-------- GIVEN DATA

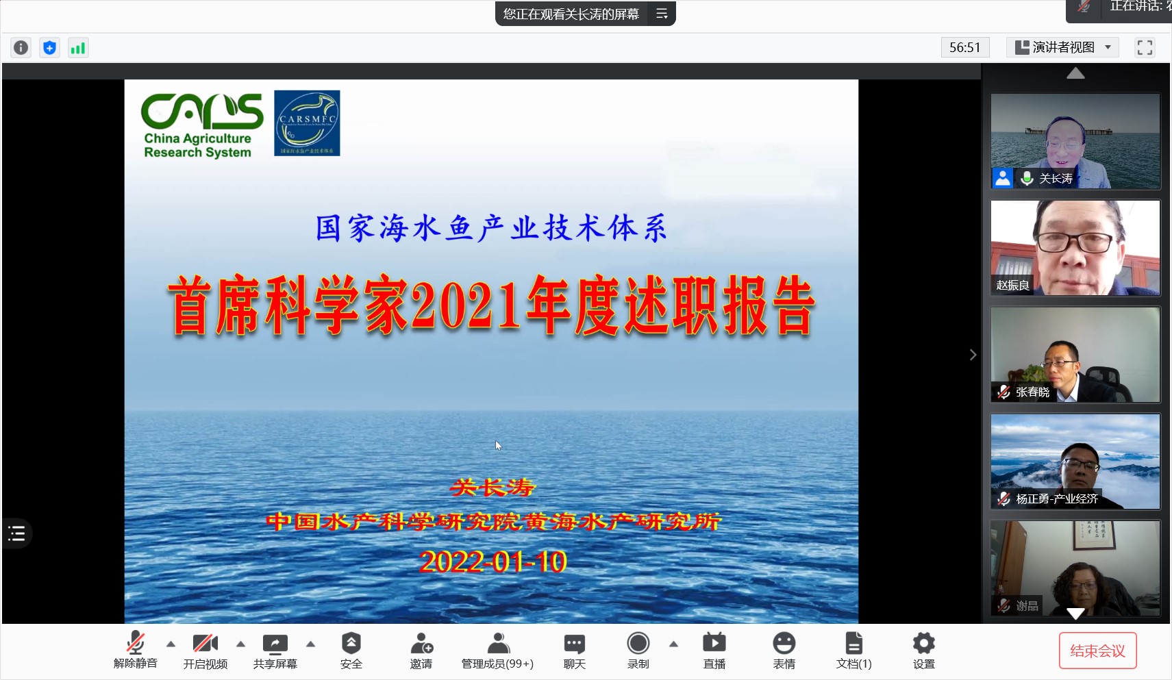 農(nóng)業(yè)農(nóng)村部漁業(yè)漁政管理局主持體系首席科學(xué)家考評(píng)
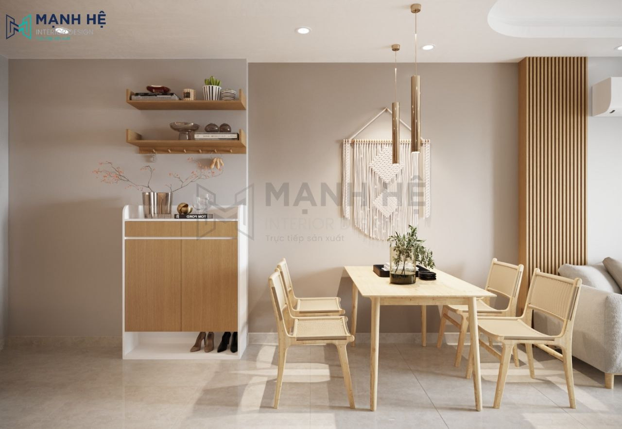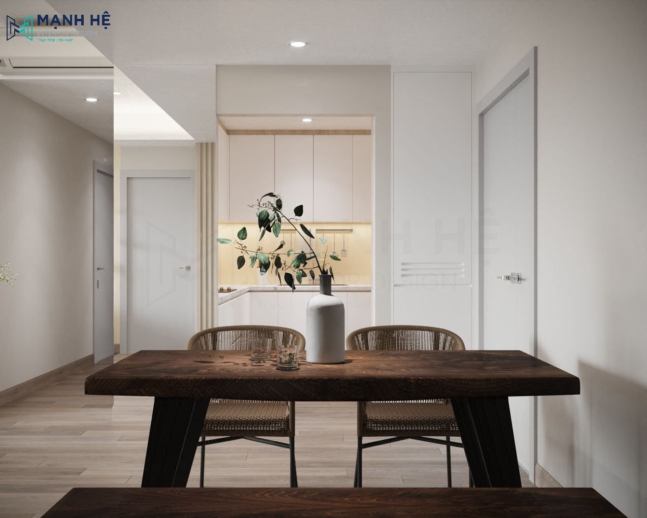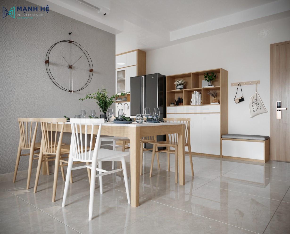 Bộ bàn ghế ăn bằng gỗ đẹp, bền bỉ là món đồ không thể thiếu, nhất là trong xu hướng thiết kế tích hợp khu vực nấu nướng với bàn ăn. Đối với căn hộ chung cư, việc lựa chọn kích thước bàn ăn cần hài hòa với tổng thể không gian. Bạn có thể cân nhắc các mẫu bàn ăn thông minh, có thể gấp gọn hoặc mở rộng khi cần thiết, nhằm tối ưu hóa diện tích khi không sử dụng.
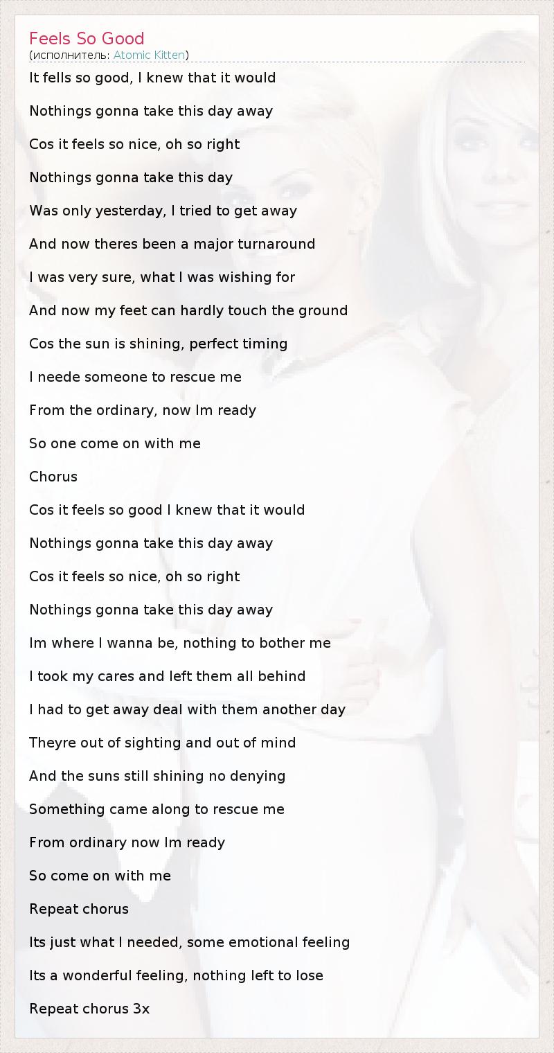 А как ты думаешь, о чем песня "Feels So Good" ?
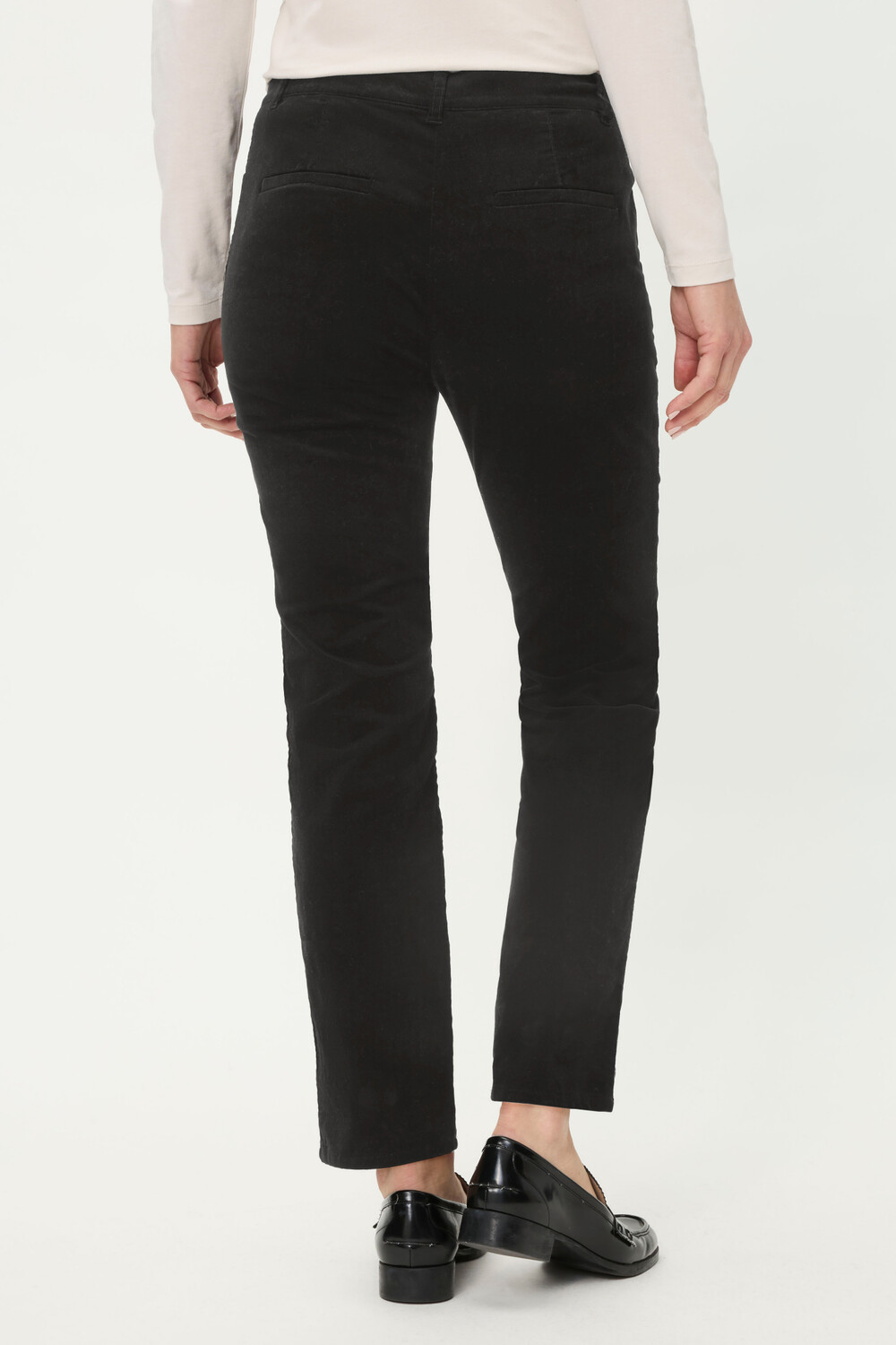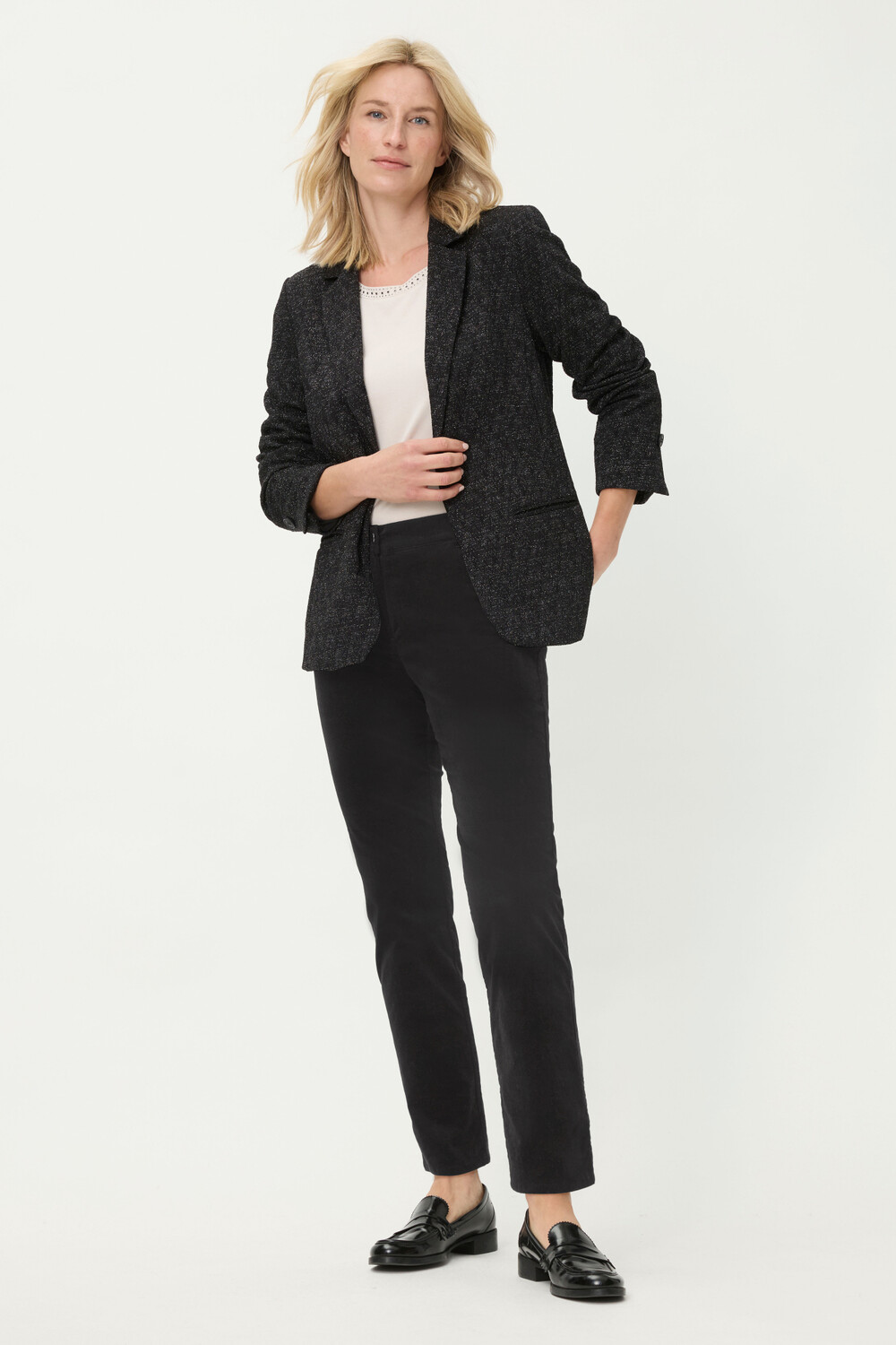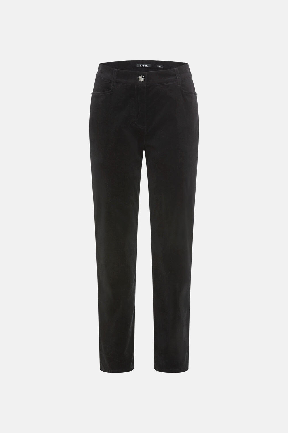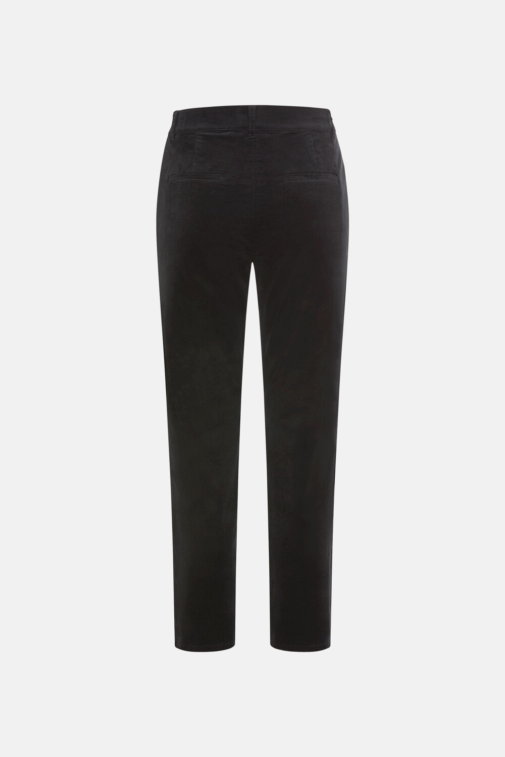 A stylish companion for warm days: These cropped velvet trousers combine a straight leg with an elegant design. The high-quality cotton blend with stretch ensures comfortable wear and optimal freedom of movement. Thoughtful details such as the zipper with button, side pockets, and piped back pockets complete the look. Perfect for combining – whether styled casually or elegantly. Length approx. 28 inches.
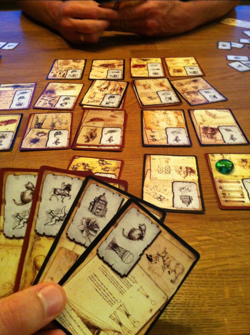 Det var dags for kveld, men en kjapp filler var ikke noe å fnyse av. The Enigma of Leonardo: Quintis Fontis. Et spill med et langt og forglemmelig navn, men det har satt sitt preg på PG fra før. Dette er en slags oppfølger, eller revidert utgave av spill med samme navn før kolonet. Er det noe bedre? Det skulle vi finne ut nå. Takras hadde tidligere spilt dette med Hollender og Anne-Marije, og det viste seg å være litt bedre. Men oppfølgeren tar – som Hollender presiserte under spillet – lengre tid. Så lang tid, at det finnes mange andre og bedre filler-spill der ute. Dette er ikke på nært dypt nok som man skal ha det til, og tiden som blir brukt på dette føles lang.

----------------

_WHAT TO PRODUCE:_
Starting with the line that has "Bộ bàn ghế ăn" and ending with the last line of the records, retype every line exactly and only those lines. Do not include the pictures.

_SOLUTION FOR THIS TASK:_
 Bộ bàn ghế ăn bằng gỗ đẹp, bền bỉ là món đồ không thể thiếu, nhất là trong xu hướng thiết kế tích hợp khu vực nấu nướng với bàn ăn. Đối với căn hộ chung cư, việc lựa chọn kích thước bàn ăn cần hài hòa với tổng thể không gian. Bạn có thể cân nhắc các mẫu bàn ăn thông minh, có thể gấp gọn hoặc mở rộng khi cần thiết, nhằm tối ưu hóa diện tích khi không sử dụng.
 А как ты думаешь, о чем песня "Feels So Good" ?
 A stylish companion for warm days: These cropped velvet trousers combine a straight leg with an elegant design. The high-quality cotton blend with stretch ensures comfortable wear and optimal freedom of movement. Thoughtful details such as the zipper with button, side pockets, and piped back pockets complete the look. Perfect for combining – whether styled casually or elegantly. Length approx. 28 inches.
 Det var dags for kveld, men en kjapp filler var ikke noe å fnyse av. The Enigma of Leonardo: Quintis Fontis. Et spill med et langt og forglemmelig navn, men det har satt sitt preg på PG fra før. Dette er en slags oppfølger, eller revidert utgave av spill med samme navn før kolonet. Er det noe bedre? Det skulle vi finne ut nå. Takras hadde tidligere spilt dette med Hollender og Anne-Marije, og det viste seg å være litt bedre. Men oppfølgeren tar – som Hollender presiserte under spillet – lengre tid. Så lang tid, at det finnes mange andre og bedre filler-spill der ute. Dette er ikke på nært dypt nok som man skal ha det til, og tiden som blir brukt på dette føles lang.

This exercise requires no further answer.